Returns true if and only if the band is filled only with nodata values.

This function is usefull to optimize many functions.

This function requires a new flag (similar to the hasnodatavalue flag) to be set a the band level.

Change to the loader are also required. Any editing function changing a pixel value from nodata to with data should also reset the flag.

We might want to add a ST_ResetBandISNoData function later.

Change History (25)

comment:1 Changed 7 years ago by pracine

Status: newassigned

comment:2 Changed 7 years ago by pracine

Owner: changed from pracine to jorgearevalo
Status: assignednew

comment:3 Changed 7 years ago by jorgearevalo

Status: newassigned

comment:4 Changed 7 years ago by jorgearevalo

Should the function check all the pixel values? If yes, the flag is not useful. If not, the out-of-synch situation could happen.

comment:5 Changed 7 years ago by jorgearevalo

Ok, approach used:

1.- Check if the band is a NODATA band inside the band creation functions (rt_band_new_inline, rt_band_from_wkb), and set the flag.

2.- In rt_band_set_pixel, rt_band_set_nodata reset the flag if needed.

So, we avoid the out-of-synch situation, and the ST_BandIsNoData function only needs to check the flag value.

Only 2 questions:

  • What should we do in case of offline bands? We could check the values using GDAL.
  • Correct me if I'm wrong, but we don't need the isnodata flag to be stored in WKB string

I'll commit the code after testing it (and updating doc)

comment:6 in reply to:  5 ; Changed 7 years ago by pracine

  • What should we do in case of offline bands? We could check the values using GDAL.

This job should be done by raster2pgsql.py

  • Correct me if I'm wrong, but we don't need the isnodata flag to be stored in WKB string

Yes. It must be persistent. The code should look exactly like the code for hasnodata.

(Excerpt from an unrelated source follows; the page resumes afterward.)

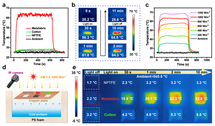 NPTFE纤维膜的纳米孔结构以及RGO层的高红外发射率特性赋予了复合织物出色的光谱选择特性。对于辐射冷却模式,复合织物基于米氏散射显示出高太阳光谱反射率(R>90%,0.25-2.5 μm)和HBIR范围的高透明性(T>90%,7-14 μm)。热量经由高发射的RGO层,穿透红外透明NPTFE向外部环境辐射耗散,与传统棉布相比,辐射冷却降温效果高3.2 ℃。寒冷环境下,通过简单地翻转可以将织物切换至RGO朝外的光热加热保暖模式。如0 ℃下,织物的表面温度可以在2 min内升至22 ℃,比传统棉布高17.0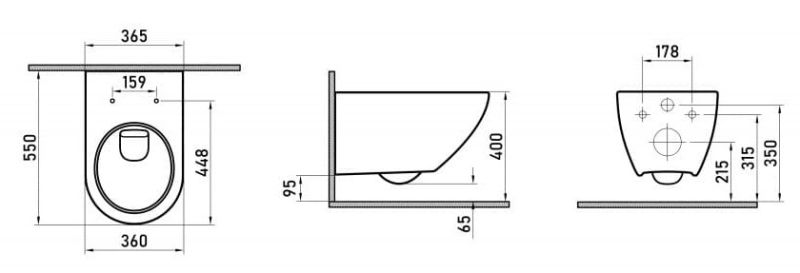 • Прилегание унитаза к стене:

Most of the work has to be done in raster2pgsql.py (and every set pixel functions).

comment:7 Changed 7 years ago by pracine

As you might guess there is no easy way to set the flag in case a ST_SetValue would set the last unique pixel withdata of a raster. There should be a ST_BandIsNoData(rast, TRUE) that would scan every raster to reset the flag if necessary. This function would be slow as it needs to scan every pixels. This function would not be called everytime by pixel setting functions but just some times by the user (like a VACUUM ANALYSE sql command).

comment:8 in reply to:  7 ; Changed 7 years ago by jorgearevalo

Replying to pracine:

As you might guess there is no easy way to set the flag in case a ST_SetValue would set the last unique pixel withdata of a raster. There should be a ST_BandIsNoData(rast, TRUE) that would scan every raster to reset the flag if necessary. This function would be slow as it needs to scan every pixels. This function would not be called everytime by pixel setting functions but just some times by the user (like a VACUUM ANALYSE sql command).

Actually, I've coded the function with that option, just now. The flag forces a new checking.

comment:9 in reply to:  6 ; Changed 7 years ago by jorgearevalo

Replying to pracine:

  • What should we do in case of offline bands? We could check the values using GDAL.

This job should be done by raster2pgsql.py

OK

  • Correct me if I'm wrong, but we don't need the isnodata flag to be stored in WKB string

Yes. It must be persistent. The code should look exactly like the code for hasnodata.

Ok. We still have 2 unused bits per band.

Most of the work has to be done in raster2pgsql.py (and every set pixel functions).

In rt_band_set_pixel the flag is reset if the pixel is different from nodata. And in rt_band_set_nodata, we must check if the new nodata value matchs the rest of the pixels.

These are the 2 entries for storing new raster data. In raster2pgsql.py we must set the flag when dealing with offdb bands. The rest of the cases are managed by the 2 core functions mentioned (rt_band_set_pixel, rt_band_set_nodata).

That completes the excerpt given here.